The new indictment also represents the first official acknowledgement from the US government that Sandworm was responsible for a cyberattack on the 2018 Winter Olympics, in which a piece of malware known as Olympic Destroyer took down much of the IT infrastructure of the Games just as the opening ceremony was beginning in Pyeongchang, South Korea. Olympic Destroyer contained layers of “false flags,” spoofed clues in its code designed to trick investigators into blaming North Korea or China.

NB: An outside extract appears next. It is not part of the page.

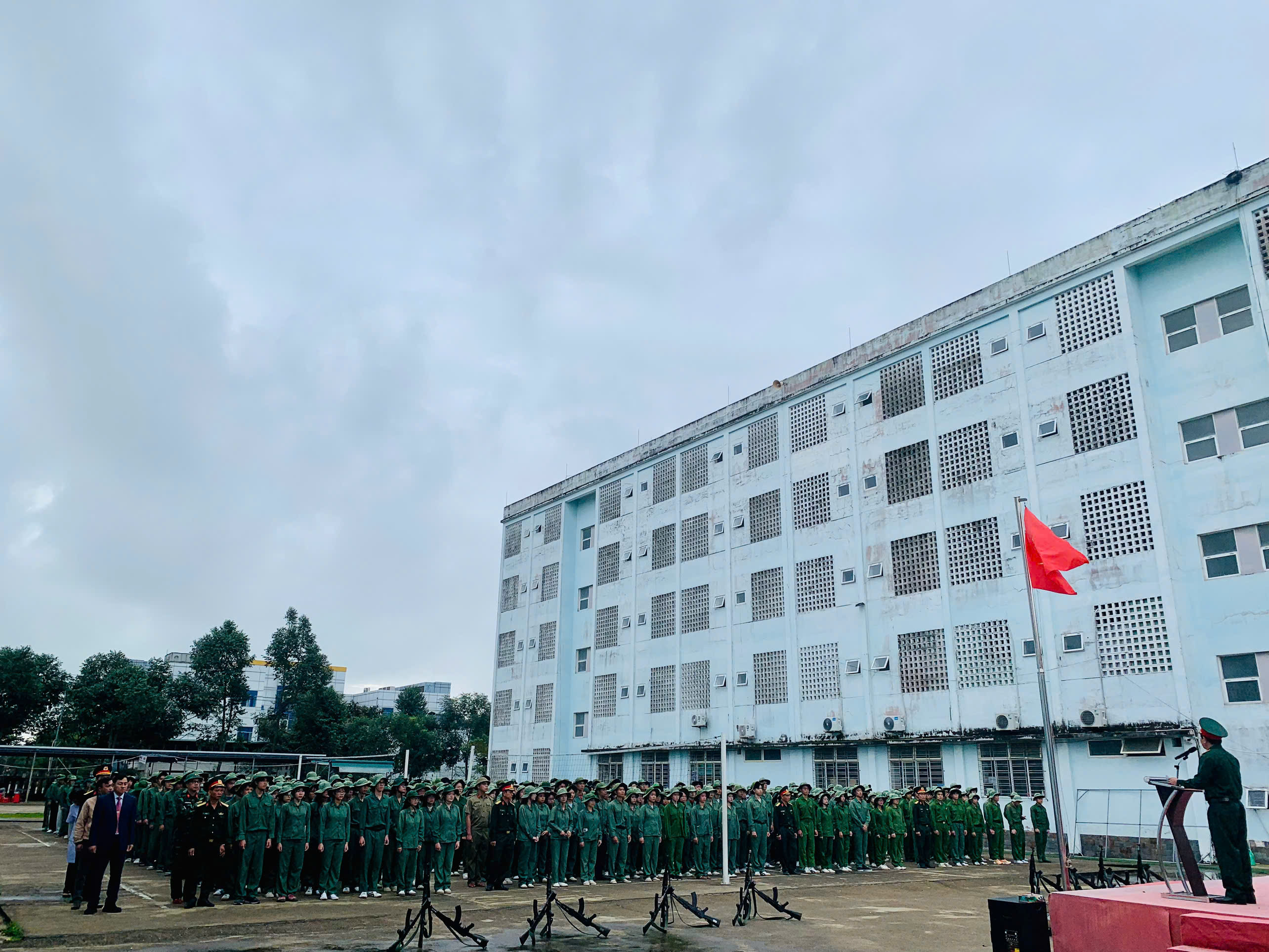 Toàn cảnh tập trung đội hình chuẩn bị Lễ chào cờ

In the more than two years that followed, no government in the world officially seemed willing to blame the cyberattack on Russia, even as private intelligence firms like FireEye found strong evidence of Sandworm’s involvement, and US intelligence leaked their findings of Russia’s culpability to the Washington Post. (The European Union did finally name “Olympic Destroyer” as one of the known names for Sandworm in sanctions against the group in July, but without explicitly saying that the sanctions were in response to the Olympics attack.)
The indictment against the hackers includes a long history of other GRU hacking around the world: The hackers allegedly targeted the Organization for the Prohibition of Chemical Weapons in the Netherlands and the United Kingdom’s Defense Science and Technology Laboratory while those two organizations were investigating the Novichok poisoning of GRU defector Sergei Skripal and his daughter, an attack not previously linked to Sandworm despite known GRU involvement. The indictment also lays out new details of Sandworm’s targeting of the nation of Georgia in 2019, which included an attempt to compromise the Georgian parliament in addition to a previously known campaign of web defacements across the country’s internet, affecting 15,000 sites.
Perhaps most significantly, the criminal charges mark the first global law enforcement response targeting Sandworm’s hackers for their release of the NotPetya malware that ravaged networks across the world. To initially install its data-destroying, self-spreading code on its victims’ machines, Sandworm hijacked the update mechanism of MEDoc, a common piece of Ukrainian accounting software. But beyond infecting hundreds of Ukrainian companies and government agencies, NotPetya also spread far beyond Ukraine’s borders, inflicting $10 billion in damage to companies including Merck, FedEx, Maersk, Mondelez, paralyzing updates to medical record systems in hospitals across the US and causing serious collateral damage to Russian firms, too.
The indictment accuses Andrienko, Detistov, Frolov, and Pliskin specifically of developing different components of the NotPetya malware. It goes so far as to state that Andrienko and Pliskin “celebrated” after the malware was deployed.
Despite US and EU sanctions against Russia for NotPetya, no hackers were criminally charged with the global cyberattack until now or even named as individually responsible for it. That apparent inaction led many in the cybersecurity world to marvel for years at western governments’ failure to hold Sandworm accountable. “NotPetya tested the red lines of the West, and the result of the test was that there are no red lines yet,” Johns Hopkins professor of strategic studies Thomas Rid told WIRED in 2018. “The lack of any proper response is almost an invitation to escalate more.”
Now, however belatedly, that accountability has arrived for Sandworm’s hackers. But as with so many indictments of foreign, state-sponsored hackers, the defendants will likely never see the inside of a US courtroom, given their protection by the Russian government. Nonetheless, indictments against foreign hackers limit their ability to use the Western financial system or to travel to any country that may have an extradition agreement with the US. “We have an obligation to hold accountable those who commit crimes – no matter where they reside and no matter for whom they work—in order to seek justice on behalf of these victims,” US Attorney Scott W. Brady said in a statement.